О чем я им только не рассказывал: и как начиналась стройка да почему я «Пашку» написал; какие талантливые поэты, ставшие потом известными не только Москве — всей стране, работали тогда в нашей — не выговоришь натощак! — газетенке «Металлургстрой» и какую свободу мы в ней себе позволяли; как с молодыми литераторами, сам тогда молодой, гостил в Вешенской у Шолохова и как в награду за рассказ «Хоккей в сибирском городе» в одной группе с тренерами и судьями ездил в Мюнхен на чемпионат мира; как снимали по моей повести в родной моей станице кино, и как помогал писать книжку воспоминаний конструктору автомата Калашникову; как на десантном корабле «Азов» сопровождал в Грецию, в Салоники наших миротворцев и помогал севастопольскому батюшке, отцу Георгию крестить на борту матросиков — был у него пономарем; как, не зная языка, а только перечитав горы книг по истории Кавказской войны, перелистав горы документов, по душам поговорив с неиспорченными, несмотря ни на что, аульскими «старшими», достойно перевел известный теперь черкесский роман… да что там — перевёл, считай, сочинил заново; почему вообще подолгу живу на Северном Кавказе, который называли когда-то «тёплая Сибирь»: разве навсегда исчезли такие понятия, как служение, как — миссия?.. Зачем совсем недавно участвовала в выборах в Государственную Думу кандидатом по одномандатному, но, прямо сказать, многобандитному округу — в соседнем шахтерском Прокопьевске. В Прокопе… чего только, и правда, не может приключиться с излишне любознательным и скорым на решения человеком за шесть с половиной десятков-то лет!
С полушутливой дотошностью будущих следователей кое-кто из них взялся проверять слухи и россказни о нашей старой новокузнецкой компании, и тут я тоже был совершенно открыт, повторив свою придумку: мол, ничего не поделаешь! Кузбасс — моя историческая родина, да. Здесь столько историй обо мне рассказывают, что сам уже не пойму, где быль, а где сильно поприбавили: давайте-ка разбираться вместе.

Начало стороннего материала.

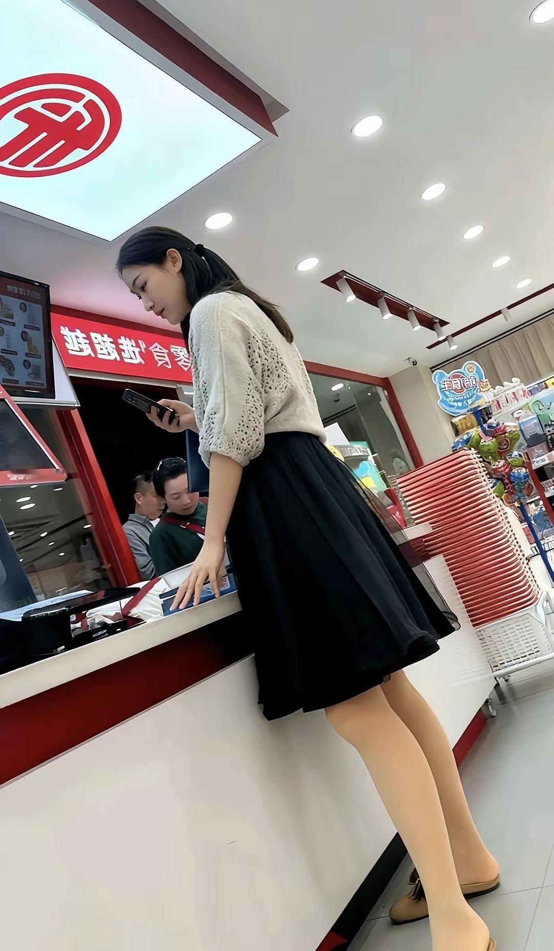 静立柜台前,心随手机动。什么叫做有魅力的女人?甜美小仙女的穿搭什么年龄的女人

В кармане у меня и без того уже лежала пачка записок, но как они меня потом окружили!
— Я осетин и много слышал о наших джигитах, о Кантемировых, но так, как вы о них рассказали! — растроганно протягивал руку симпатичный молодой усач. — Спасибо вам: так, и правда, можно только о близких людях, — спасибо!
— Примите в подарок эту фляжку с крепким напитком, — настаивал явный русак. — Поймите правильно: в свое время только потому пошел в училище, что перед этим прочитал вашего «Пашку»!
— Рассказывали, как вам друг-еврей шашку подарил, — улыбался скуластый крепыш и протягивал искусно сделанный перочинный нож. — От татарина… мелочь есть у вас? Отдать за подарок.
Я был в осаде… Стоявший чуть поодаль полковник Полуэктов поглядывал на меня весело и значительно, как победитель, который решил не только даровать мне жизнь, но дать немалый чин в своем войске… Рядом стоял его штаб, трое симпатичных молодых женщин, трое кандидатов наук: истории, психологии, литературы — это они, как я уже понял, разрабатывали тактику и стратегию нашей встречи.
(Кроме них в зале были ещё и женщины-преподаватели, и служащие этой школы: перед одной из них должен повиниться…
Вспомнила мою старую-престарую «таёжную» сказку «Зима на носу»: у них, мол, дома она настолько истрепана уже несколькими поколениями детишек, что читать почти невозможно, приходится пересказывать по памяти… Почему таких добрых книжек теперь не издают?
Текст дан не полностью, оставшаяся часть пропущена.